Injection-molded box, preferably suitable as a coffin, method for injection-molding such a box

The present invention relates to an injection-molded box, preferably suitable as a coffin, comprising a bottom wall and upright walls connected to the latter, which is made from a plastic which comprises a bio-based plastic as its main component, wherein the bio- based plastic preferably comprises polylactic acid, and wherein the bottom wall is provided with a reinforcing structure. Traditional coffins are based on wood materials of different qualities. The chosen material is thus used once and eventually decays over time in the case of a burial, or directly in the case of a cremation. The selection of wood material is undesirable, in view of the single and finite use for a coffin, on account of the environmental load and the required manufacturing steps.

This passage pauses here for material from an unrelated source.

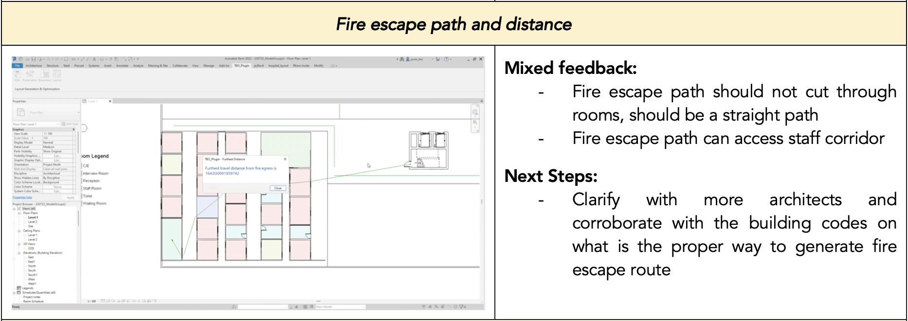 To better understand our user base and the functionality that is required of the plugin, the team approached several architectural firms with teams that specialize in hospital and healthcare design such as DP Architects, HKS Architects and Swan & Maclaren Architects. Conducting user testing with these companies and obtaining their feedback on the plugin allowed the team to gain a greater understanding of our target market, the value they see in the plugin and what they are ultimately looking for.

The use of a biodegradable plastic has already been considered as an alternative for wood material. An example thereof is an injection-molded coffin of polyvinyl alcohol, as described in European patent application EP2796122. It is even more attractive to use a bio-based plastic as material for a coffin, which is known per se from international application WO 2006/075911.

However, in practice, the manufacture of such a coffin appears to have drawbacks which are related to the injection-molding process. After injection-molding the coffin in an injection mold, it is left to cool down, following which the upper half of the mold is removed and the product is then demolded from the bottom half of the mold. It has been found that demolding the coffin from the bottom half of the mold is more complicated with an injection-molded coffin made of bio-based plastic compared to one made of conventional plastic. The removal of the upper half of the mold may also cause problems. Demolding is particularly problematic at the location of the reinforcing structure. As a result thereof, good demolding of the product is not possible, as a result of which the product may tear and lose its integrity. In particular, it has been found that a coffin which is provided with a reinforcing structure in the form of conventional ribs or upright walls in the form of a honeycomb structure does not detach well from the injection mold, with parts of the reinforcing structure breaking off.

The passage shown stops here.